Activist, naturalist, author visits Stetson

Janisse Ray (no book)As part of the Woodrow Wilson Visiting Fellows program at Stetson University, American writer, poet, naturalist and activist Janisse Ray will speak at Stetson about the international campaign, Food Day, and will read from her book, Seed Underground: A Growing Revolution to Save Food. Open to the public, free of charge, Ray’s lecture is at 7 p.m., Thursday, Oct. 24, in the Gillespie Museum, located at 234 E. Michigan Ave., on the south end of Stetson’s DeLand campus.

The Oct. 24 public lecture is part of an intensive week-long visit at Stetson, from Oct. 21-25, in which Ray will interact with Stetson students and faculty and the community as a whole. Ray is a leading advocate of Food Day, the grass-roots campaign that has become an international initiative to produce better food policies and celebrate healthful and affordably produced food.

For 35 years the Woodrow Wilson Visiting Fellows (WWVF) program has brought prominent artists, business leaders, diplomats, and other nonacademic professionals to various campuses in the United States.

“Ray will spend a week with our faculty and students, teaching us how to be writers, how to think through thick and complex problems that have no easy answers, and how to apply the results of our intellectual labors to change the world for the better,” explained WWVF program coordinator Michael Denner, Ph.D., who is also associate professor of modern language and literatures at Stetson, with a focus in Russian studies.
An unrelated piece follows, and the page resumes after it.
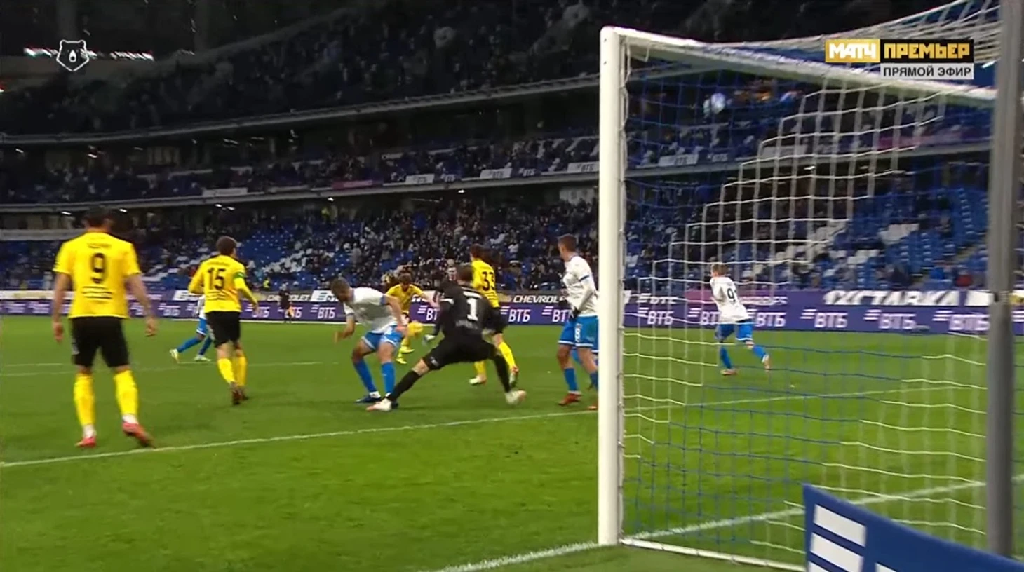 И ещё один опасный момент у Кости после отличного навеса Нжи в центр штрафной площади. В голосе похрюкивающего комментаторишки почувствовалась улыбка от того, что Тюкавин снова не попал в ворота...

Denner has helped bring other fellows to Stetson in the past, such as Nobel Prize winning journalist David Shipler and career diplomat Ken Yalowitz.

Janisse Ray is the author of five books of literary nonfiction and a collection of nature poetry. She holds an M.F.A. from the University of Montana and in 2007 was awarded an honorary doctorate from Unity College in Maine. She’s on the faculty of Chatham University’s low-residency M.F.A. program and will be teaching Spring 2014 at the University of Montana as the William Kittredge Distinguished Visiting Writer.

“Ray will make Stetson her home. She’ll work closely with faculty, students, and staff: visiting classes to discuss everything from creative writing to grass-roots activism to sustainable food networks. It’s not one way,” Denner said. “Our faculty and students will show her central Florida, teaching her about our own corner of the world. Her visit attests to Stetson’s commitment to integrate our intellectual, scholarly life of the mind with practical application of our core values.”

In addition to the public lecture scheduled for Oct. 24, a lecture/discussion titled ‘What I Mean When I Say Sustainable” will be held at 6 p.m., Wednesday, Oct. 23, in the Stetson Room, second floor of the Carlton Union Building, 131 E. Minnesota Ave. This lecture is also open to the public, free of charge.